Face-To-Face to Online… How Do We Translate

By: Emily Sullivan
Face to Face interaction is one of the foundations of life. Whether it is business, communication, social or something else, from the beginning everything had to be face to face. Until the internet was invented that is. Now so much of communication and person to person interactions happen through a screen, and it has so largely changed how people communicate.
The Internet has changed communication in so many ways. Specifically when it comes to communication within communities. Communities can be so important to people for many different reasons. Usually people are attached to their communities that they are a part of for their own set of reasons.
For myself, one face-to-face community I am a part of is my basketball team. Being a college athlete I get to be part of that athlete community and it is so crucial to my identity. It is such a well functioning community because of all of the welcoming attitudes and support that comes to college athletics from fans across the country. However with the good also comes the bad. There are large groups of sometimes rival fans who spew hate at college athletes, but sadly often times that hate comes from their own Fan base as well. This can sometimes create toxic environments for the athletes and it’s definitely something that we wish we could avoid.
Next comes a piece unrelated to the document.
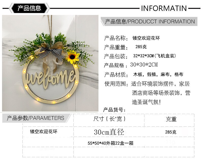 鏤空歡迎牌55*50*40外箱一箱24盒 內盒尺寸32*32*3CM單盒重量:285克單箱毛重8公斤配套1米10燈燈串,包含紐扣電池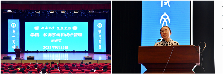 学院教务办公室主任刘光英带领新生进行教务知识学习

When trying to build a successful online community, things like this are so important to take into perspective. Do you want to create a welcoming and loving community where people can feel a part oh something whole. On top of that they want to feel it so they can be themselves without judgment. Communication can be so tricky online sometimes because it can be hard to judge tone and intention behind one’s words because you can’t see a person space. Having guidelines in place that’s strictly prohibited harmful or mean language can help provide a space for people to be more open.
These are all key factors keep in mind I’m trying to create a successful online community. Along those lines, you also have to think of the audience of the group. The more specific, the better. One really good example is Facebook groups that people join that include their interests. People who love cats wouldn’t join in all dog Facebook group and vice versa.
By creating an environment that I talked about earlier and honing in on the target audience, creating a successful online community is pretty straightforward from that point on. Having an administrator to the groups that keeps things in track, but also allowing people who are part of the group to have their own say and be able to communicate with each other freely creates the community that is wanted.